I am attempting to train a SFT model using the PPOTrainer but receive the following error when initializing PPOTrainer. This doesn’t appear to be an error caused by something I’m passing to PPOTrainer but I could be mistaken. Note: both the SFT model and the Reward model are quantized (LoRA adapters have been merged using merge_and_unload()
.
- SFT model: braunagn/joeyGPT-sft-merged-v1
- Reward model: braunagn/joeyGPT-reward-merged-v1
/usr/local/lib/python3.10/dist-packages/bitsandbytes/nn/modules.py in __setstate__(self, state)
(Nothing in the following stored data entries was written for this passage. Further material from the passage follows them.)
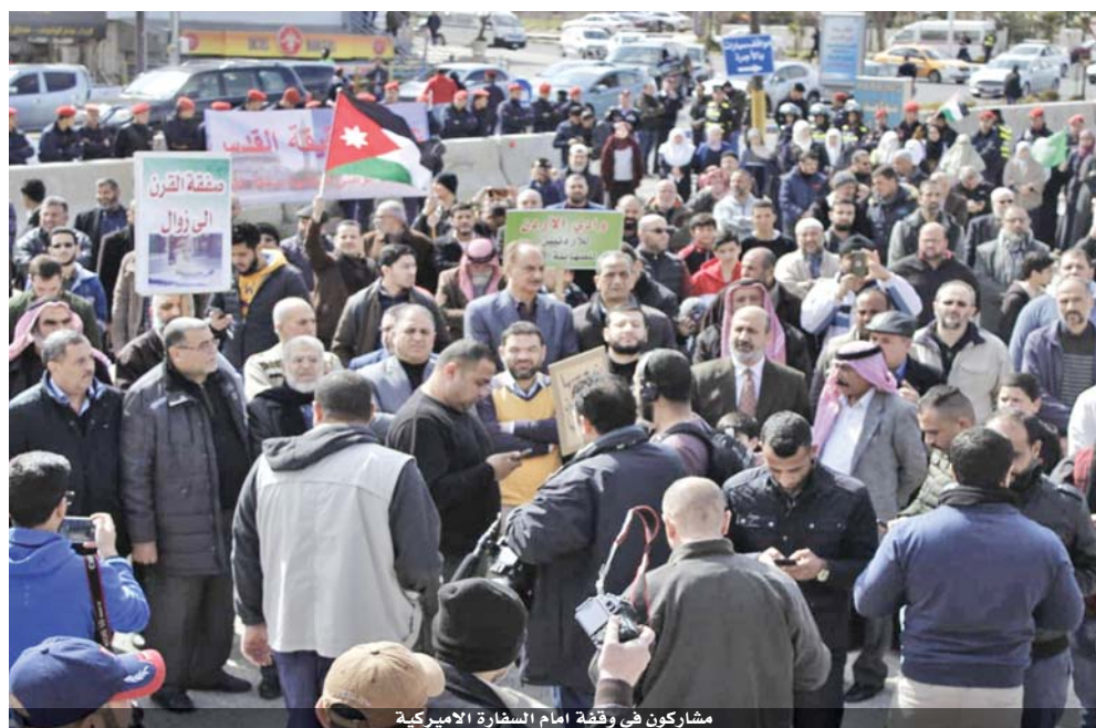
مشاركون في وقفة أمام السفارة الأميركية

وفي الزرقاء، انطلقت مسيرة حاشدة بعد صلاة ظهر أمس الجمعة من أمام مسجد عمر بن الخطاب، وسط المدينة، شاركت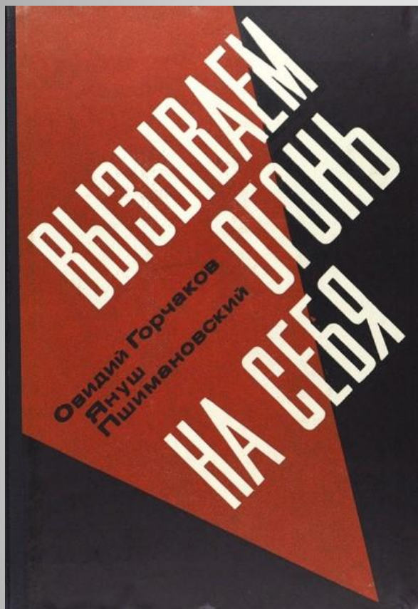
Горчаков, О. Вызываем огонь на себя / О.Горчаков, Я. Пшимановский. – М.: Молодая гвардия, 1967. – 344 с.

Повесть Овидия Горчакова и Януша Пшимановского «Вызываем огонь на себя» основана на реальных фактах.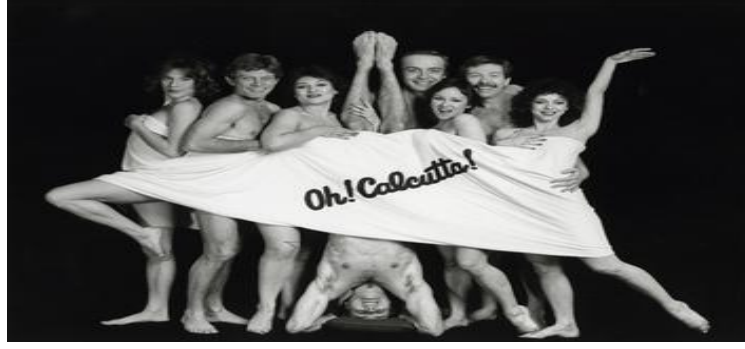
Resim 3. Oh Calcutta Müzikali

247 self.quant_state = state["quant_state"]
248 self.data = state["data"]
--> 249 self.quant_storage = state["quant_storage"]
250 self.bnb_quantized = state["bnb_quantized"]
251 self.module = state["module"]
KeyError: 'quant_storage'
The initialization is straight forward (I followed these instructions):
ppo_trainer = PPOTrainer(
config=ppo_config,
model=sft_model,
ref_model=None, # will re-use `model` if set to None
tokenizer=tokenizer,
dataset=dataset,
optimizer=None, # None defaults to Adam optimizer with linear learning rate specific in PPOConfig
num_shared_layers=None, # None defaults to all layers are shared
)
→ Please see this notebook (last cell) for reproducible error.